Even with a retired Marine Corps general, John Kelly, newly installed as Mr. Trump's chief of staff, the White House is coming to terms with how resilient and resistant are Washington's other power centres. In short, the "swamp," as Mr. Trump often calls Washington, retains its power.

Aligned against Mr. Trump in the health-care episode were more than his Democratic rivals, who provided a formidable united front and who contributed not a single vote for any of the myriad proposals to replace or repair Obamacare. Also against him were moderate Republicans, devoutly conservative Republicans and an array of other forces, including powerful hospital and health-insurance trade groups.

In the next battle, tax overhaul, the same phalanx of opponents will line up against Mr. Trump, but this time they will be energized by their triumph on health care. They will be joined by scores of other lobby, trade and think-tank groups, all of whom are experienced veterans of the Washington power game. The departure of Reince Priebus, the ousted White House chief of staff who had been the chairman of the Republican Party and a veteran capital operator, may only increase the President's isolation from establishment Washington and heighten his vulnerability to the political tricks they have mastered over many decades.

Mr. Trump and Senate Majority Leader Mitch McConnell of Kentucky almost certainly learned one important lesson from the health-care debacle: Even a rebel President has to follow the legislative rules in Washington. With Mr. Trump's support, Mr. McConnell crafted his principal piece of legislation with a small group of lawmakers who met in secret. There were no hearings, which are one of the staples of Capitol Hill life. Nor, until the end, were the viewpoints of likely dissenters aired – or ameliorated.

One Republican senator, Lindsey Graham of South Carolina, was so disgusted that he said he hoped the House would vote down the very bill he voted for. Others felt that way privately. The American Conservative Union assailed what it called "GOP sellouts." The handful of moderate Republicans came away empowered. And at the end, lawmakers seemed determined, or at least resigned, to return to the traditional way of shaping legislation.

"We've tried to do this by coming up with a proposal behind closed doors in consultation with the administration, then springing it on skeptical members, trying to convince them it's better than nothing, asking us to swallow our doubts and force it past a unified opposition," cancer-stricken GOP Senator John McCain of Arizona said. Mr. McCain left a hospital bed to join the health-care debate only to provide the vote that doomed the Republican effort to repeal Obamacare.

With the North Korea nuclear crisis mounting in the background and with conservatives troubled by the President's continuing attacks on Attorney-General Jeff Sessions, Mr. Trump may need to reach out to the very Democrats he has excoriated in recent days. Even as he considers refusing to provide the health-care payments for insurers that are due in three weeks, he has hinted that he would eventually welcome Democrats to the health-care bargaining table.
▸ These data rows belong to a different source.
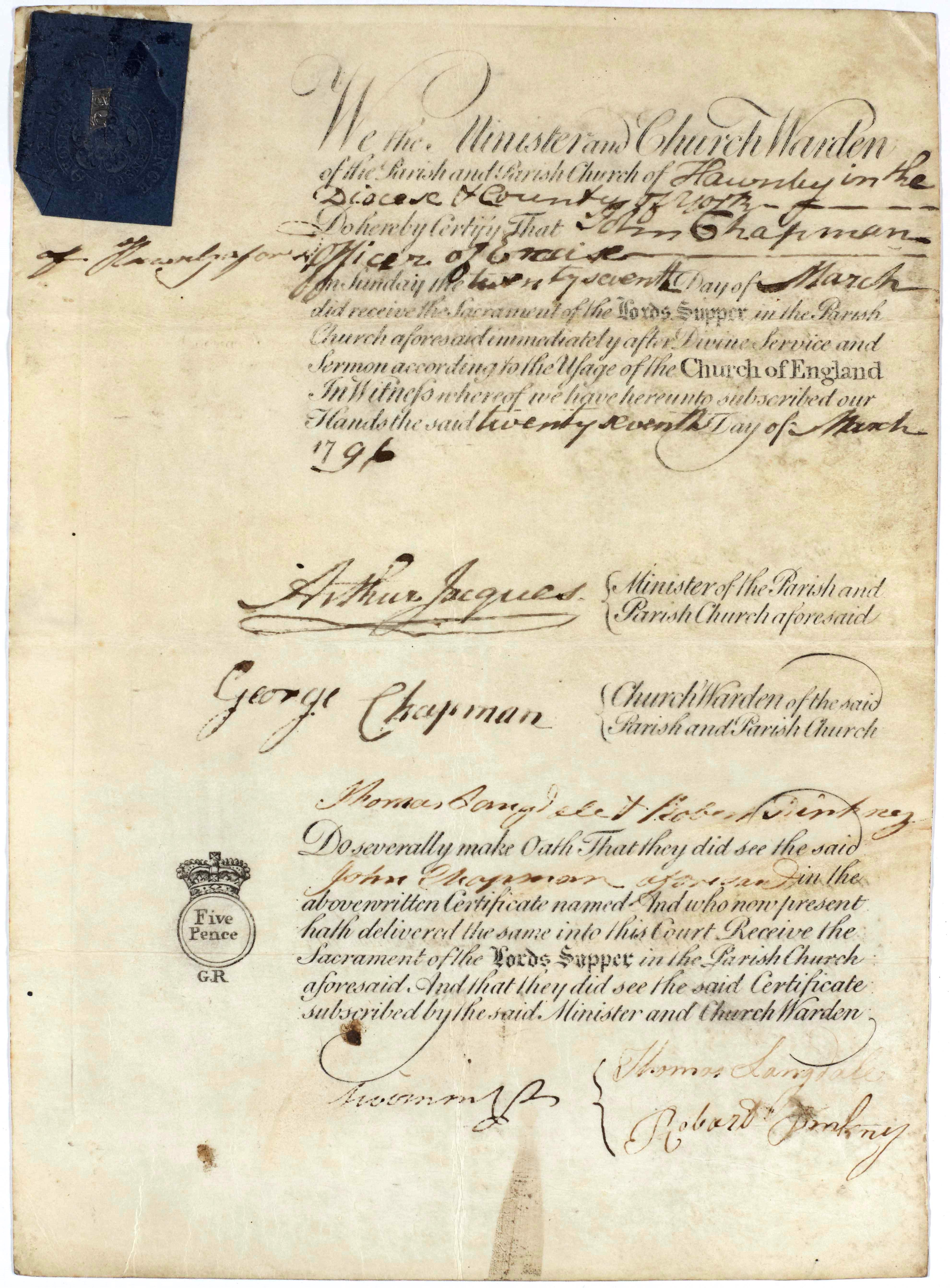This sacrament certificate was signed by Arthur Jacques, minister of Hawnby parish; George Chapman, churchwarden, and two witnesses.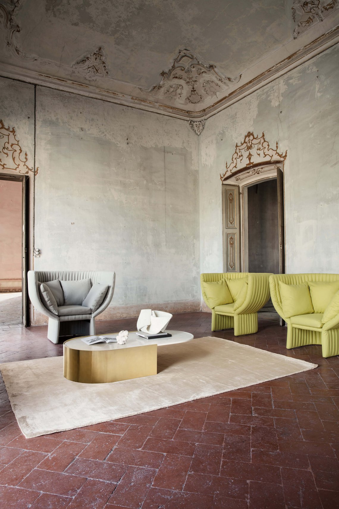 The thickness of the quilted padding and the fabric cover foster a feeling of sound isolation so Ghisolfa are ideal for informal meetings and conversations in total comfort. A low version more suitable for group meetings or conversation areas is also available.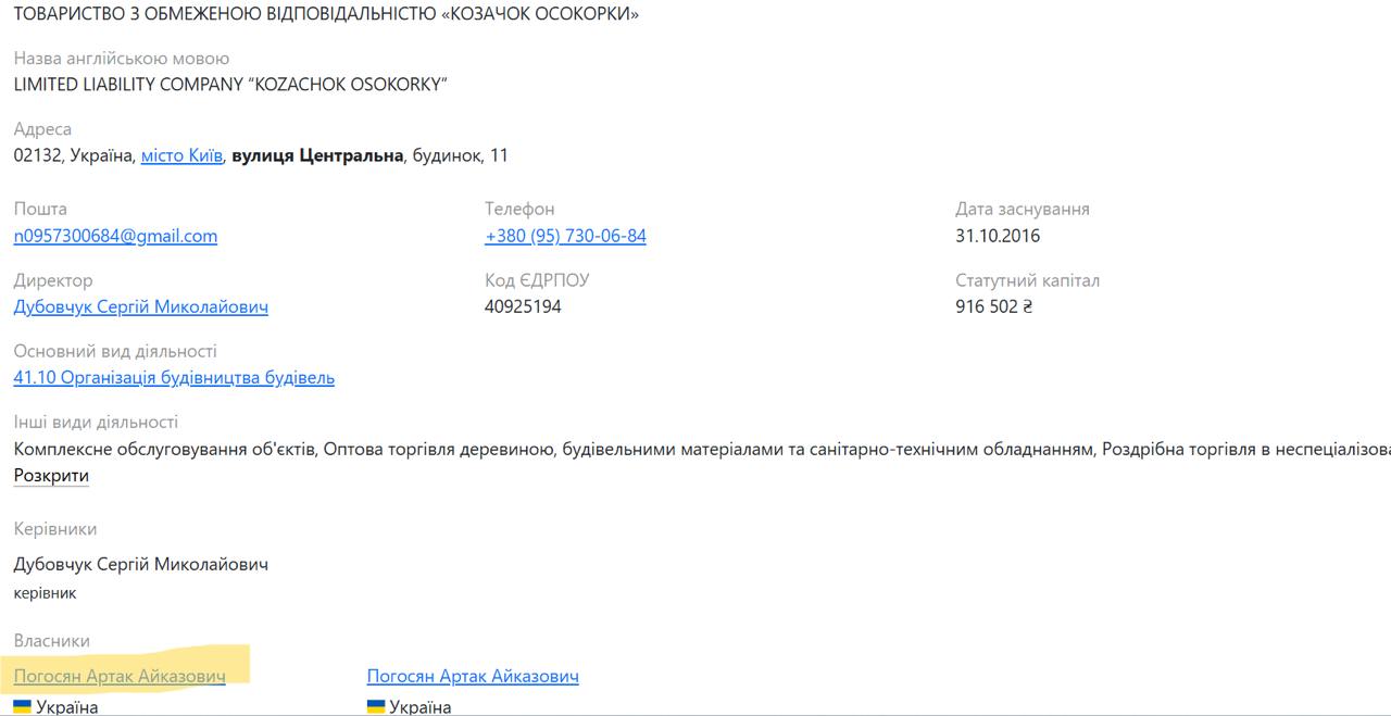 Заказчиком строительства значится компания ООО «Казачок Осокорки», арендующая участок у столичных властей. Ее единственным бенефициаром является Артак Погосян – друг детства народного депутата Андрея Стрихарского.
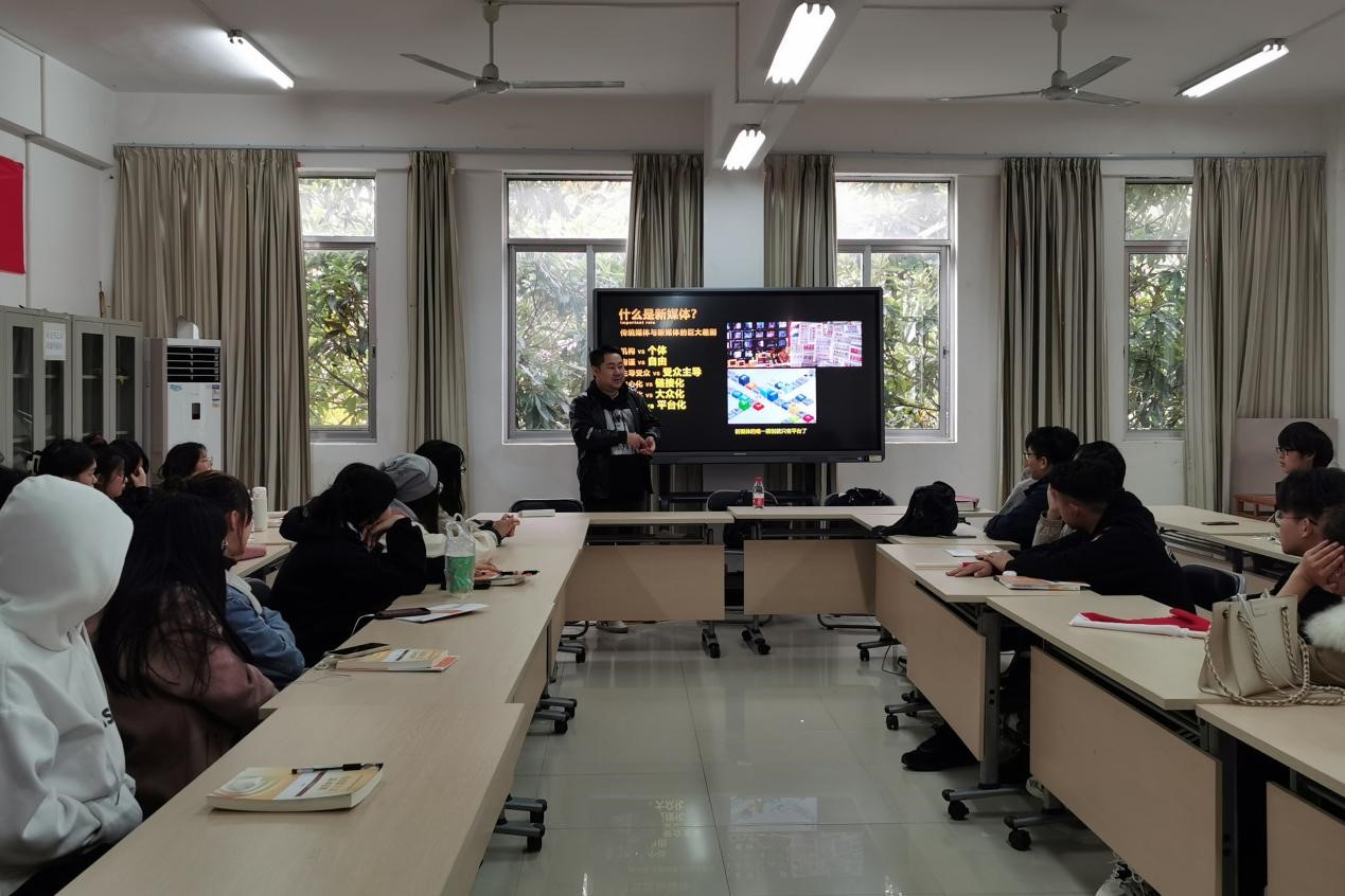 本次讲座的主讲专家冯登辉老师,是桂林旅游学院艺术设计学院新媒介工作室主任,艺术学在读博士,桂林乐天文化有限公艺术总监,同时也是资深的媒体人、设计师、电影制片人、导演、摄影师,在影像创作上有着丰富的经验。此次讲座中,冯老师向同学们讲解了新媒体的概念以及传统媒体与新媒体的巨大差别,结合成功的新媒体影像案例和自身创作经验,生动地说明了影像创作的要点,并对内容运营中重要的短视频变现及平台机制等环节做了详细分析。整场讲座气氛活泼,同学们积极提问,主动交流,冯老师耐心地对学生提出的学习、创作方法等方面的问题进行了答疑。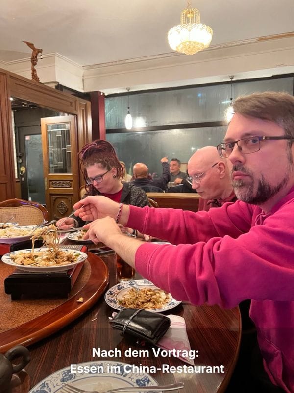 Sein Ableben war auch Gesprächsthema am Nebentisch. Dort saß eine Gruppe älterer Herrschaften und zwischen ihnen entspann sich eine derart lustige Konversation, dass ich tat, was ich sonst selten tue: Ich schrieb mit. Aus dem Dialog habe ich eine kleine Szene gestaltet, die dich hoffentlich genauso amüsiert wie mich.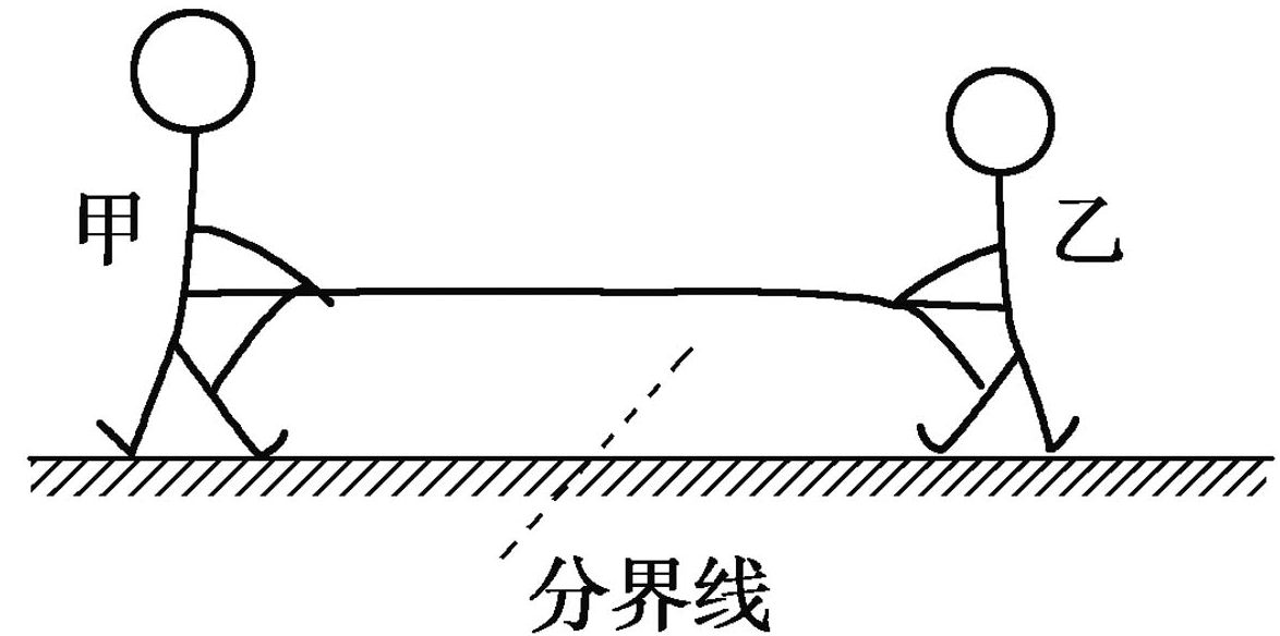 D.若乙收绳的速度比甲快,则乙能赢得“拔河”比赛的胜利。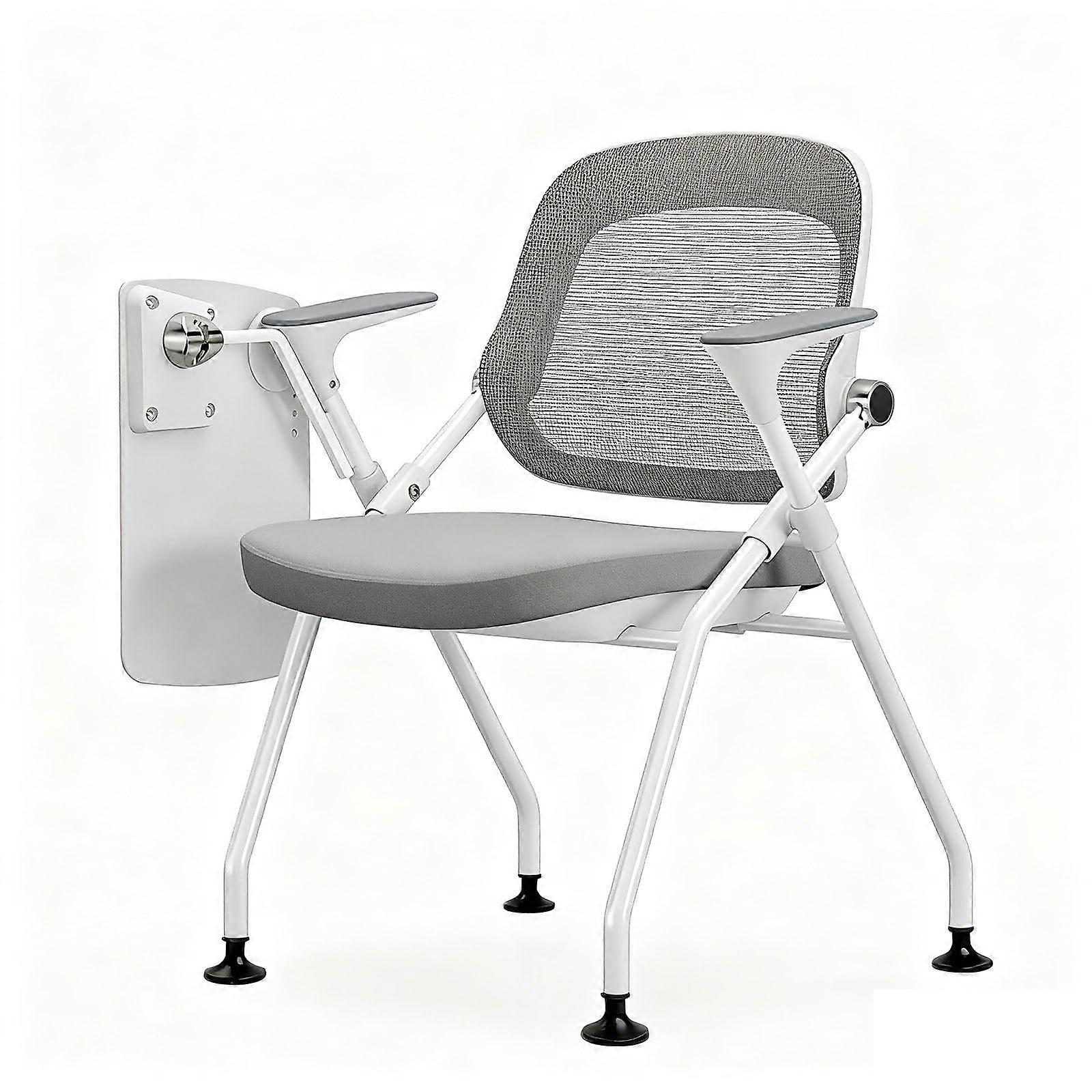 Comfortable Seating Experience This folding chair is designed to deliver both comfort and support during extended use. The breathable mesh backrest promotes airflow, helping to keep your back cool and dry. Its ergonomic curved backrest aligns with the natural curve of your spine, reducing strain and relieving pressure to support healthy posture. MultiFunctional Writing Board Equipped with a retractable writing board crafted from durable, heatresistant, and wearresistant materials, this chair offers a stable surface for writing, reading, or working. The generous board size easily accommodates textbooks and notebooks at the same time, making it suitable for a variety of tasks. Convenient Tray Design The integrated writing pad transforms this folding chair into a practical alternative to a standard desk. Lightweight and easy to move, it is ideal for flexible arrangements such as group work, training sessions, or collaborative environments. Versatile Applications This folding office chair is wellsuited for a wide range of locations and uses. It works equally well in bedrooms, living rooms, offices, schools, reception areas, and conference rooms. Ideal for welcoming guests, conducting interviews, studying, or carrying out work tasks, it can adapt to different spaces with ease. Use Scenarios In an office setting, it serves as a portable workstation for meetings or training events. At home, it can be used in a study or bedroom as a compact deskchair alternative for reading or writing. In a classroom or lecture hall, it provides comfortable seating with a builtin writing surface for students during lessons or exams. Materials and Performance Constructed from quality materials, the chair's sturdy frame offers stability while the mesh backrest ensures comfort. The retractable writing board is resistant to heat and wear, providing a reliable surface for frequent use. Practical and SpaceSaving Designed to fold easily, this chair saves storage space when not in use and simplifies transport between locations, making it an choice for environments where flexibility and efficiency are important.
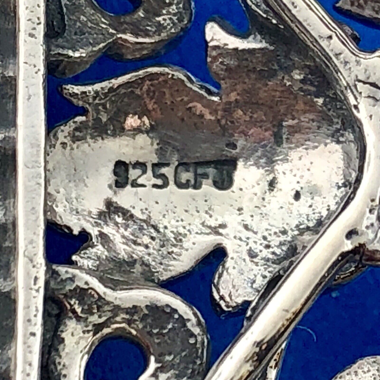 Retro 925 Sterling Silver Tiger Eye Beaded Open Scroll Work Statement Bracelet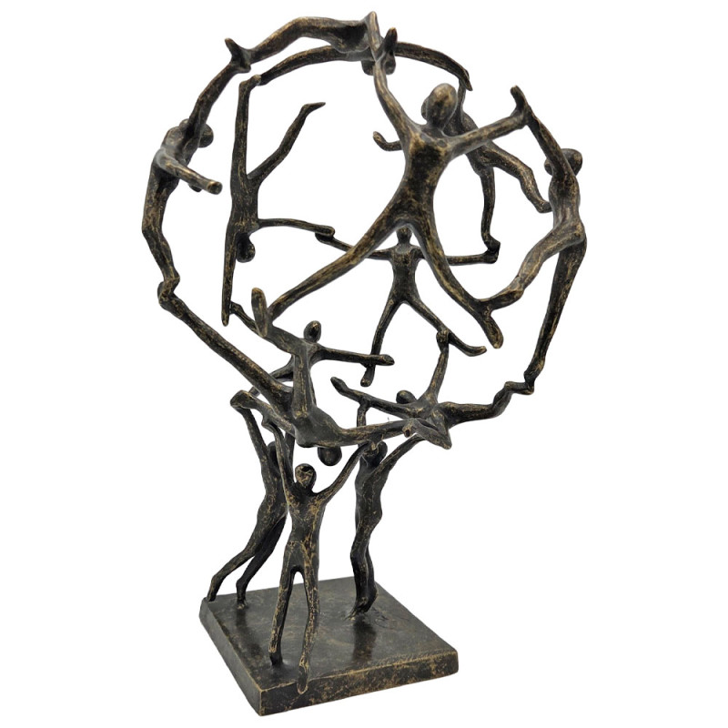 Sculpture extérieure ou intérieure de hauteur 37 cm représentant des personnages en équilibre réalisant une sphère humaine. Cette pièce est en bronze massif et a été réalisée par l'artiste flamand Ben Wouters.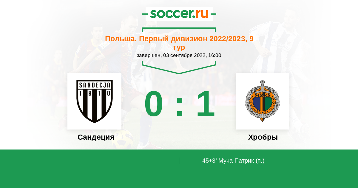 Протокол матча Сандеция против Хробры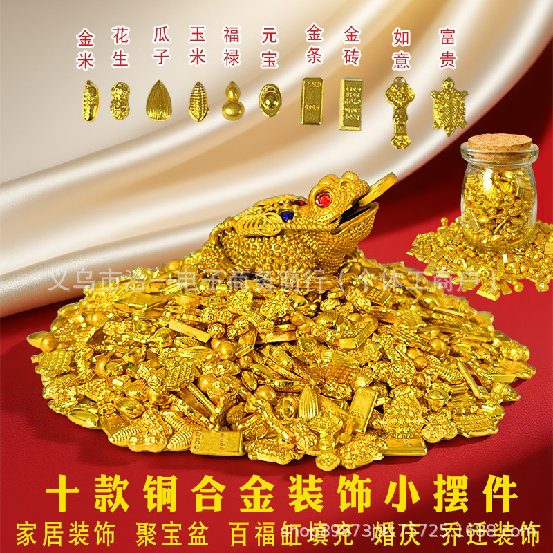 合金吉祥物十全十美小元宝金砖金豆福龟如意大米金豆聚宝盆填充

Shortly after the health-care effort failed, Republican Senator Pat Toomey of Pennsylvania, a strong conservative who has a record of seeking rapprochement with his party's rivals, said he was eager to see what Democrats might offer to address the Obamacare funding crisis. His Democratic colleague from Pennsylvania, Robert Casey Jr., issued a statement saying it was "now time for Democrats and Republicans to work on common-sense solutions that will make our health-care system more affordable and bring down costs." These two remarks from Pennsylvania lawmakers may provide the cracks that, as the late Canadian poet Leonard Cohen put it in his song Anthem, show "how the light gets in."

Mr. Trump has been willing to return to health-care even when it seemed dead the first time. Though he has vowed to "let Obamacare implode," he may yet try to revive it.

But in the meantime, one of the President's top priorities will soon be the subject of serious congressional consideration. It is a massive investment in infrastructure programs, from bridges and tunnels to airports – and it is an initiative certain to attract Democratic support.